→ **TASK ITEM**: The lines to return run from the one containing "会议由党国锋副教授主持并致欢" through the end of the material; give them exactly and leave out the pictures.

→ **GIVEN DATA**:
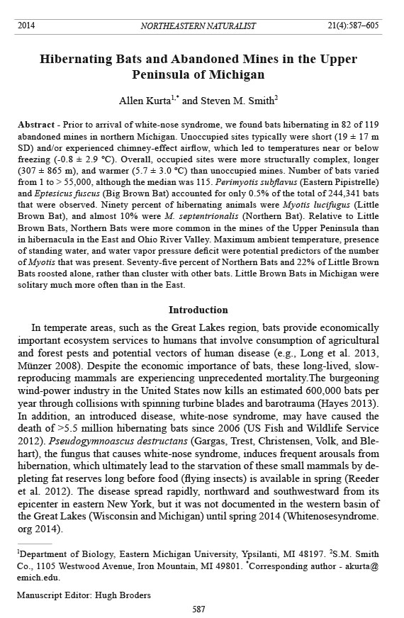 Little information exists on bats in the mines of the Upper Peninsula. Available
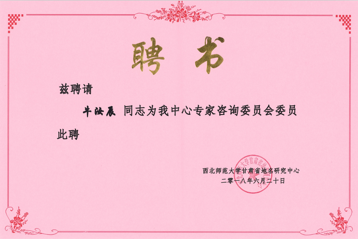 会议由党国锋副教授主持并致欢迎词,聘任牛汝辰先生为甘肃省地名研究中心专家咨询委员会委员。并由张明军院长为牛汝辰先生颁发聘书。
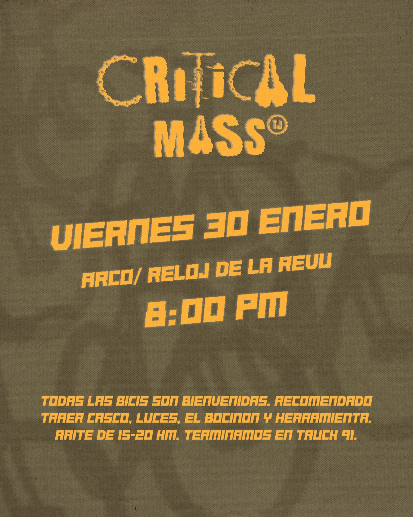 Critical Mass TJ8:00 PM (Ultimo Viernes del Mess)Group RideTJ Critical Mass @tj.criticalmass¡El primero del año!

→ **TASK RESULT**:
 会议由党国锋副教授主持并致欢迎词,聘任牛汝辰先生为甘肃省地名研究中心专家咨询委员会委员。并由张明军院长为牛汝辰先生颁发聘书。
 Critical Mass TJ8:00 PM (Ultimo Viernes del Mess)Group RideTJ Critical Mass @tj.criticalmass¡El primero del año!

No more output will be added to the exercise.